Effect of inclusion current thresholds on the estimation of EPSC waveforms

Different current thresholds, that determined which parts of the recording were included in the regression analysis, were applied to the patch-clamp current traces. The threshold values were multiples of the standard deviation of the respective current trace. Specifically, for each recording, 6 threshold values were evaluated: 1, 2, 3, 4, 5 & 10 10 s.d. of the current trace.

(A) The determined current thresholds across experiments.

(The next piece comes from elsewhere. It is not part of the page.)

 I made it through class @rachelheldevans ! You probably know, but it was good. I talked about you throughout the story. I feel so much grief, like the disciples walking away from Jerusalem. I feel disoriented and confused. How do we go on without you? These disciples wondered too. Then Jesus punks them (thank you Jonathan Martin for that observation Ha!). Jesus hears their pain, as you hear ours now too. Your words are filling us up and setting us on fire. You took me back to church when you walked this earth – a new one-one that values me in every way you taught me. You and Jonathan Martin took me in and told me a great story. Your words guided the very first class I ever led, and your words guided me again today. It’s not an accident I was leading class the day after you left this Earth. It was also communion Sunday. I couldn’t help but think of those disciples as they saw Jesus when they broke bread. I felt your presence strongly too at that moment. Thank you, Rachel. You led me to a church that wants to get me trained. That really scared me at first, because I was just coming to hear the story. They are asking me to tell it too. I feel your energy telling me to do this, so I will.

(B) We used the EPSCs determined by our STA method, which was performed without any inclusion criteria involving current thresholds, as ground-truth EPSCs. To these ground-truth EPSCs we compared the regression-EPSC estimates that were determined using the different current thresholds. Specifically, for each paired recording, we calculated for each common synaptic input the ratio of the EPSC amplitudes determined by the regression and STA method. The mean of these ratios was calculated for each postsynaptic cell, which is summarized here.

(C) Largest EPSC amplitude for each cell.

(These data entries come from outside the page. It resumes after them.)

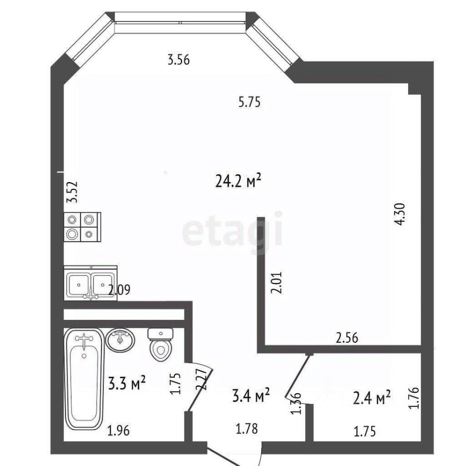 Продается современная студия площадью 33,3 м² на первом этаже нового трехэтажного дома в селе Штормовое.
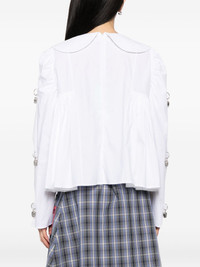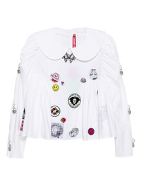 Alibi blouse Highlights - White - Concealed rear zip fastening - Long puff sleeves - Padlock detail - Rhinestone embellishment Imported Composition BCI Cotton 100% SIZE & FIT Model measurements Height 5 ft 10 in(1.77 m) Bust/Chest 30.31 in(77 cm) Hips 34.25 in(87 cm) Waist 25.19 in(64 cm) FittingInformation Designed to be unstructured, offering a loose fit throughout Made from a midweight non-stretch fabric Washing instructions Dry Clean Only
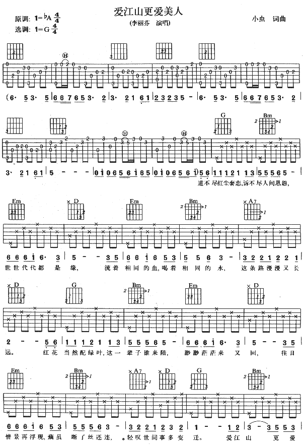 《李丽芬《爱江山更爱美人吉他谱》(G调)》内容来自于互联网,不能保证内容的准确性与完整性,仅供学习交流欣赏,请勿用于其它用途,内容版权归原作者及来源网站所有,如有侵犯到您的权益请来信告知,我们将及时删除。
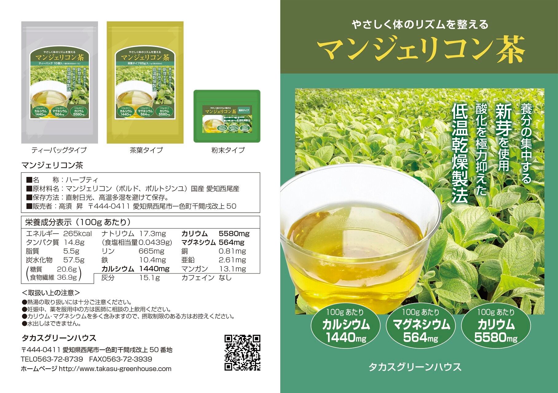 マンジェリコンとは、シソ科のハーブで日本へはブラジルから伝わってきました。日本では2種類が自生しています。昔は民間療法で使われていて、主に血糖・血圧の高めの方が葉っぱを煎じてお茶として飲んでいたそうです。カリウム・マグネシウム・カルシウムなどミネラルを多く含む健康茶です。

(D) Difference between current threshold and largest EPSC amplitude. In all panels, box plots indicate median and interquartile ranges, and whiskers the minimum/maximum values (no outliers). Some extreme whiskers in (A) and (D) were trimmed for better data visibility. [14 cells in (A-D); 9 patched cells in (B), where recordings were only included if at least three common inputs were identified by using the two methods.]

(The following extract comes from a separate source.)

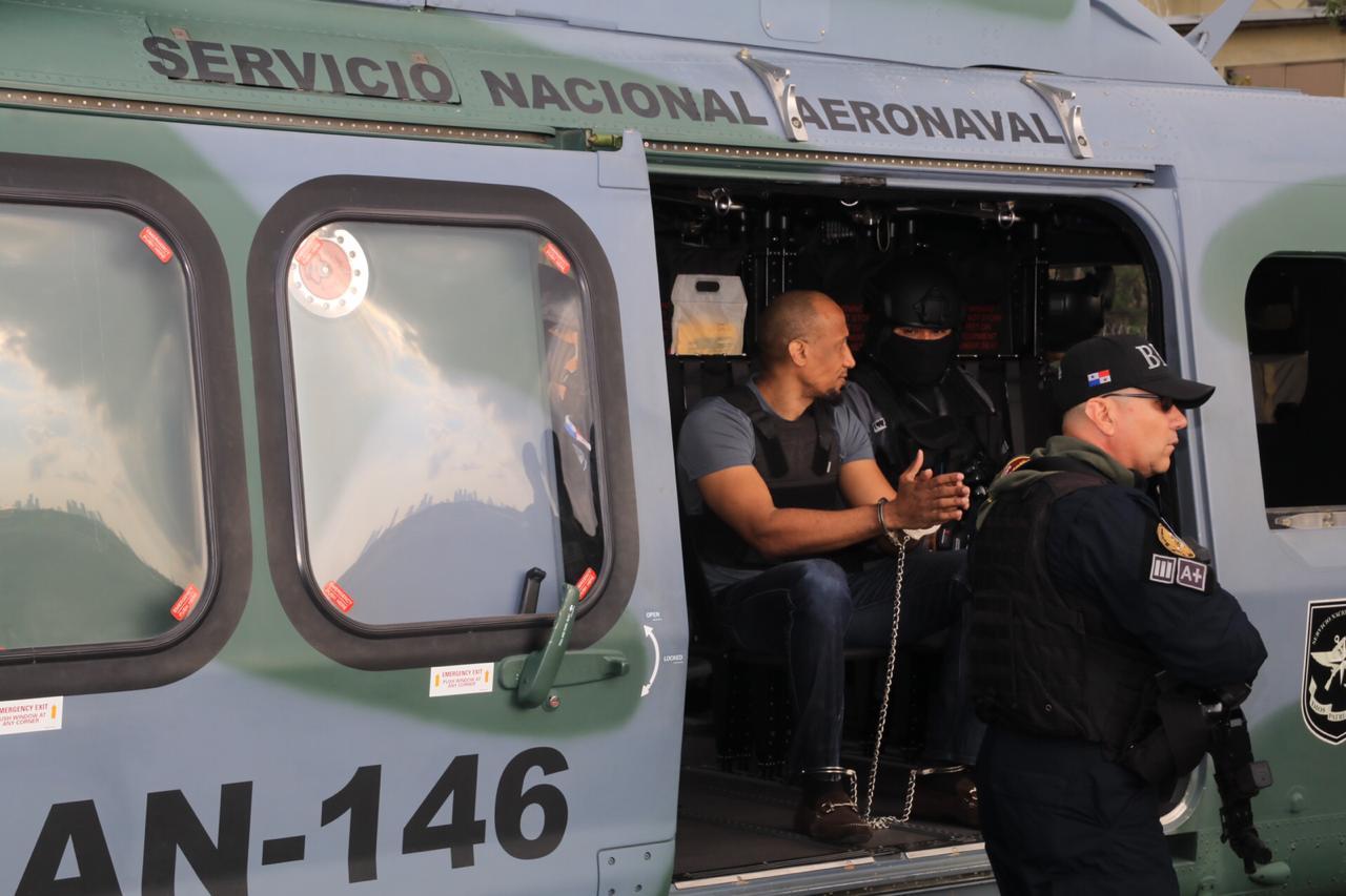 El hombre más buscado y oriundo de Colón en el momento de su trasladado vestía de suéter y pantalón largo con un chaleco antibalas, y esposado de pie y manos.
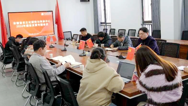安徽音乐文化研究与传承中心副主任曹晓燕汇报2023年度部门工作情况及2024年建设思路。与会人员结合各自的专业方向为安徽音乐文化研究与传承中心的建设发展提出建议,为安徽音乐文化的研究与传承工作建言献策。

Compared to the EPSC amplitudes determined by the STA method, the different current thresholds had only a small effect on the EPSC amplitudes that were determined by the regression-based method (B). Moreover, the maximum EPSC amplitude that was identified showed little dependence on the current threshold (C). These findings suggested that synaptic inputs exhibited sufficient activity – i.e., for a reliable EPSC estimation – during periods that were selected by even the smallest current thresholds. Moreover, the current threshold values were well above the maximum EPSC amplitudes as confirmed in (D). We chose a threshold of 30 s.d. of the current trace, which resulted in a median current threshold of approximately 200 pA, with sufficient distance to the maximum EPSC amplitude, while also keeping computational costs within a feasible range.

Estimation of synaptic input waveforms based on current-clamp recordings

Two paired HD-MEA and whole-cell patch-clamp recordings were acquired from the same cell in either voltage-clamp (A) or current-clamp mode (B).

(A/B) Top: raster plot of the identified presynaptic units of an example period (corresponding presynaptic cells are marked by grey arrows). Middle: patch-clamp recording (black) and reconstruction based on synaptic inputs (green). Bottom: location of presynaptic cells; one coloured filled circle per cell (black dots: HD-MEA electrodes selected for recording; grey dots: electrodes not recorded from). The same presynaptic cells identified in (A) and (B) have matching colours. The larger the circle the stronger the connection.

(C) Left: Corresponding EPSP- and EPSC-waveform estimates (waveforms from the same input have matching colors). Right: Correlation of EPSP and EPSC amplitudes (linear regression fit; R2 = 0.99).